An inside look at the current issues facing Montclair, NJ.
Michael V. Pettigano
Montclair State University has been designated by the state as a public research university.
When Montclair State University students return to the state’s second largest university in September, they will be attending an institution with a new designation: public research university.
This comes after Gov. Chris Christie signed legislation on Friday that designates MSU as a public research university. The legislation was sponsored in both the state Senate and Assembly in June by several officials, including those representing Montclair such as state Sen. Nia Gill and state Assembly members Sheila Oliver and Thomas Giblin.
The Senate approved the bill by a 35-0 vote while the Assembly approved the bill by a vote of 75-0.
Gill said in a statement to The Times, “Montclair State University has done remarkable work over more than a decade to expand its educational programs and research initiatives. In light of its success, Montclair State has earned the status as public research university and this law formally conveys this designation.”
Montclair State University President Susan Cole told The Montclair Times that the legislation came about after she approached Gill recently to look into the state granting this designation.

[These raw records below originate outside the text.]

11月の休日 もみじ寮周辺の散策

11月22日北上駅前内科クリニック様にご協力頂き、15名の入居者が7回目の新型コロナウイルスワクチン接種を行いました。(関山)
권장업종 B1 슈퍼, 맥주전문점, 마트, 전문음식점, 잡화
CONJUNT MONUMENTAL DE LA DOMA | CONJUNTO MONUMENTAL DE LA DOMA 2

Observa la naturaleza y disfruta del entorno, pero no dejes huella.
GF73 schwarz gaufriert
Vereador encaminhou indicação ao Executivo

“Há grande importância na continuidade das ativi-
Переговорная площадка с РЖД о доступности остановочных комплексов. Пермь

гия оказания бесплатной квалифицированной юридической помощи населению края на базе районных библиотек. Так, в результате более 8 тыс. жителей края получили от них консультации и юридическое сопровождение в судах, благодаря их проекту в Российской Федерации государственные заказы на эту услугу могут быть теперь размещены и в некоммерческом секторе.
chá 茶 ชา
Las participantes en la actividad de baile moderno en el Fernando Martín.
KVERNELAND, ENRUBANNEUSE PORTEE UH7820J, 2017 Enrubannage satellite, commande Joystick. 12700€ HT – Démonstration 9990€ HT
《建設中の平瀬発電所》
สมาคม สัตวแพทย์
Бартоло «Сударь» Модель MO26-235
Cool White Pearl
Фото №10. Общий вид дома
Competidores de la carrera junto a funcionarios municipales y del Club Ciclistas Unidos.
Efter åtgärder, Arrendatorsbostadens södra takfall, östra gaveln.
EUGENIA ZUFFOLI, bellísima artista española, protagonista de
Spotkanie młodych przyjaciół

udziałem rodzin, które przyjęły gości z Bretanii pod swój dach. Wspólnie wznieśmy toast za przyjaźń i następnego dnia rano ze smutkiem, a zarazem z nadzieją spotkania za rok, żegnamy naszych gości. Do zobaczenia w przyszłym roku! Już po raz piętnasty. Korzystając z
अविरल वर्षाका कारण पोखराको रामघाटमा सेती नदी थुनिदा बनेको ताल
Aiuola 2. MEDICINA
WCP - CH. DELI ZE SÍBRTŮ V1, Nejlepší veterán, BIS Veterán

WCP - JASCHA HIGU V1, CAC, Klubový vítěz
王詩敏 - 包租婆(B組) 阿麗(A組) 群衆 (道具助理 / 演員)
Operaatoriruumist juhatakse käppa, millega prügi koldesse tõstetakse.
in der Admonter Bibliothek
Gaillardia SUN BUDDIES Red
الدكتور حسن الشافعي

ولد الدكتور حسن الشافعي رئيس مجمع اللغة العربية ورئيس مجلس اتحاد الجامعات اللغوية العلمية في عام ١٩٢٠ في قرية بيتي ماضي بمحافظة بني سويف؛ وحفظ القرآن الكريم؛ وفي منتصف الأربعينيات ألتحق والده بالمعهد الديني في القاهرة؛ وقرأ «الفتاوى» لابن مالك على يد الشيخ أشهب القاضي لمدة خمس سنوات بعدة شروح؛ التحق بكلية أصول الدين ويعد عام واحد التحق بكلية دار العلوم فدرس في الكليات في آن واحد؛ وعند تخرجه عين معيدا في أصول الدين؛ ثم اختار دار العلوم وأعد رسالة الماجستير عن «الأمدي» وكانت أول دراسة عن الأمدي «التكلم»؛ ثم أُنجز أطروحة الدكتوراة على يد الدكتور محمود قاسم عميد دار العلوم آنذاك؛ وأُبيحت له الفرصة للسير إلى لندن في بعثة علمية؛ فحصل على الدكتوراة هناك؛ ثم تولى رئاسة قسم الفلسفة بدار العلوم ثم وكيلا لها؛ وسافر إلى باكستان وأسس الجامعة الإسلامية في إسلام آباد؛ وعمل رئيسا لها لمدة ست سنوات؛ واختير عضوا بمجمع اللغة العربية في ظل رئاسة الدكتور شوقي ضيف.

Cole said it would follow the school’s classification as a research doctoral institution by the Carnegie Classification of Institutions of Higher Education, and classification by the New Jersey Secretary of Higher Education’s Office as a doctoral degree-granting institution.
She said the significance of the designation for the school is that it would put it on par with other public research universities in the state and across the country.
Cole pointed out that the state legislature still saw MSU as a state college, and that the designation helps the university receive more funding and recognition from the state as fitting its status as a university serving over 21,000 undergraduate and graduate students.
“Having this designation is a leg-up for us and will enable us to be competitive,” Cole said. “Getting out of that [state college] category is very important.”
Cole said the legislation being signed is an acknowledgement by the state that is “both very appropriate and very welcome,” and is a reminder to the state to better utilize the school’s resources.
She said one of the short-term advantages for the university being designated as a public research university is MSU not having to operate under New Jersey regulations for state colleges, which would allow the college to easily enter into public/private partnerships with various entities for construction and other projects.
Another short-term advantage of the designation is expanding the eligibility of Montclair State students for tuition aid grants — a figure estimated at 630 additional students each year.
Cole said the long-term impact of being a public research university is that MSU can attract top faculty and students, along with federal research dollars.